This repository hosts a simple benchmark comparing Google's protobuf/grpc.aio with betterproto/grpclib.
While evaluating switching from Google to betterproto (because of all the
annoyances listed in betterproto) I was a bit concerned about performance
after bumping into an (old) issue saying grpclib
is 2 times slower than
grpcio
. Since the issue was
too old, I decided to run a simple benchmark to see how the two libraries
compare, to also get some feel about how fast/slow betterproto is.
Also the performance comparison in the issue was using the sync version of
grpcio, as it was before grpc.aio
was available.
My results show that betterproto/grpclib is actually, at the time of writing, about 2 times faster than grpcio for a single request-reply roundtrip, and about 1.5 times faster than grpcio for streaming 10 numbers. Some preliminary tests show that for streaming numbers more continuously (100.000 numbers), the throughput of grpcio is about 30% higher than betterproto/grpclib.
Also some basic memory benchmarks show that betterproto/grpclib uses less memory than grpcio (about 40% less memory for a single request-reply and about 70% less momory for streaming 10 numbers, resulting in the same reduction of minor page faults).

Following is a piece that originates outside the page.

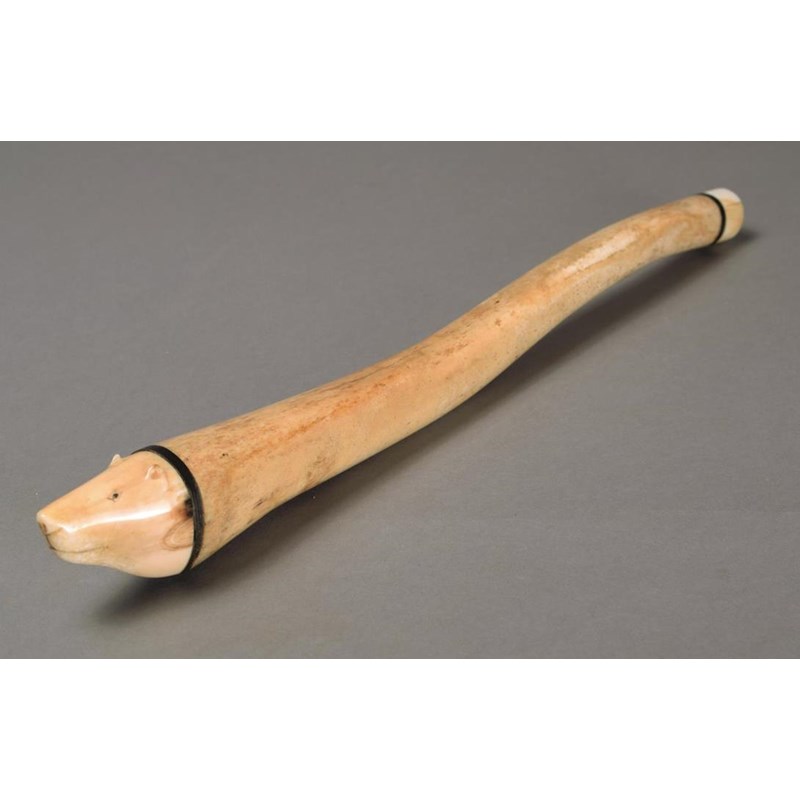 walrus baculum, penis bone, baleen and walrus ivory, with a carved polar bear head finial, 19th century,

For both libraries memory consumption seem to stay stable when processing more messages (request-reply or streaming).
$ ./benchmark
grpcio
1 request-reply: 100 loops, best of 5: 2.98 msec per loop
40352 KB max | 109;53936 in;voluntary context switches | 0;27767 major;minor page faults
streaming 10 numbers: 100 loops, best of 5: 2.86 msec per loop
45548 KB max | 201;77380 in;voluntary context switches | 0;25620 major;minor page faults
grpclib
1 request-reply: 200 loops, best of 5: 1.39 msec per loop
28560 KB max | 50;16684 in;voluntary context switches | 0;13323 major;minor page faults
streaming 10 numbers: 100 loops, best of 5: 2.25 msec per loop
26840 KB max | 54;8232 in;voluntary context switches | 0;10396 major;minor page faults
Doing some tests with streaming more numbers (100.000) shows that betterproto/grpclib has a better throughput than grpcio (about 9.500 numbers/second vs 12.500 numbers/second, so around 30% more throughput). The memory consumption remains lower in betterproto/grpclib than in grpcio though (about 60% less).

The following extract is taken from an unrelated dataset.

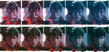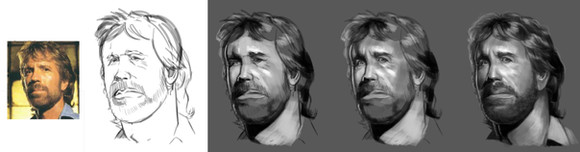 Here's the steps I took while painting the 50s Punk picture. Rather than starting off with a tight piece of line art (which is how I normally work) I tried to build up forms almost entirely with tone. As hard as it is to do when you're starting with blobs of paint you have to trust yourself at each stage even when there isn't much to look at. Having the Undo button and Layers in Photoshop makes that even easier.Pencil drawing usually focuses on adding shadows to a white page. In comparison, painting is usually about starting dark and adding light to a piece, getting more focused and detailed as you go. It's like pulling specifics out of murkiness.

It might be worth crafting a benchmark more oriented to test throughput to get more conclusive results.
AMD Ryzen 7 PRO 5850U CPU
32 GB RAM
Python 3.11.8
grpcio tests
grpcio==1.62.1
grpcio-tools==1.62.1
protobuf==4.25.3
grpclib tests
betterproto==2.0.0b6
black==24.3.0
click==8.1.7
grpcio==1.62.1
grpcio-tools==1.62.0
grpclib==0.4.7
h2==4.1.0
hpack==4.0.0
hyperframe==6.0.1
isort==5.13.2
Jinja2==3.1.3
MarkupSafe==2.1.5
multidict==6.0.5
mypy-extensions==1.0.0
packaging==24.0
pathspec==0.12.1
platformdirs==4.2.0
protobuf==4.25.3
python-dateutil==2.9.0.post0
six==1.16.0
server
Run ./build
to build the Docker image for the server and generate the Python
bindings for the clients.
Run ./benchmark
to run the benchmark (to get slighly more stable results you
might want to use sudo nice -n-10 ./benchmark
).
Run ./clean
to remove generated files and the generated Docker image.